As corrected through Wednesday, October 24, 2012


In the Matter of Trina Noel, Respondent,
v
New York City Housing Authority—Brownsville, Appellant.

[*1]

Sonya M. Kaloyanides, New York, N.Y. (Corina L. Leske and Lauren L. Esposito of counsel), for appellant.

In a proceeding pursuant to CPLR article 78 to review a determination of the New York City Housing Authority dated October 28, 2009, which, after a hearing, found Trina Noel ineligible for continued occupancy and terminated her tenancy in a public housing facility, New York City Housing Authority—Brownsville appeals, by permission, from an order of the Supreme Court, Kings County (Edwards, J.), dated November 23, 2011, which denied its motion to dismiss the petition pursuant to CPLR 3211 (a) and 7804 (f).

Ordered that the order is reversed, on the law, with costs, and the appellant's motion is granted.

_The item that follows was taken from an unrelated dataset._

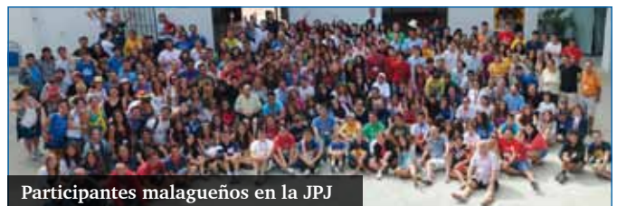
Participantes malagueños en la JPJ

Para más información pueden llamar al 952303876.

In February 2001, the petitioner entered into a residential lease with the New York City Housing Authority (hereinafter the NYCHA) to rent an apartment in Brooklyn, commencing on November 1, 2001. In June 2008, the NYCHA preferred written charges against the petitioner, alleging that she or an authorized occupant of her apartment possessed, sold, or attempted to sell cocaine and marijuana, and also possessed drug paraphernalia. Thereafter, a hearing before a NYCHA hearing officer was conducted. In written findings dated October 14, 2009, the Chief Hearing Officer of the NYCHA sustained the charges, concluded that the petitioner was an undesirable tenant, and recommended the imposition of the sanction of termination of the tenancy. In a written determination dated October 28, 2009, the NYCHA approved the Chief Hearing Officer's determination, and directed that the petitioner's tenancy be terminated. In a proceeding commenced by order to show cause, which was signed by a Justice of the Supreme Court on August 12, 2011, the petitioner challenged the determination dated October 28, 2009, terminating her tenancy.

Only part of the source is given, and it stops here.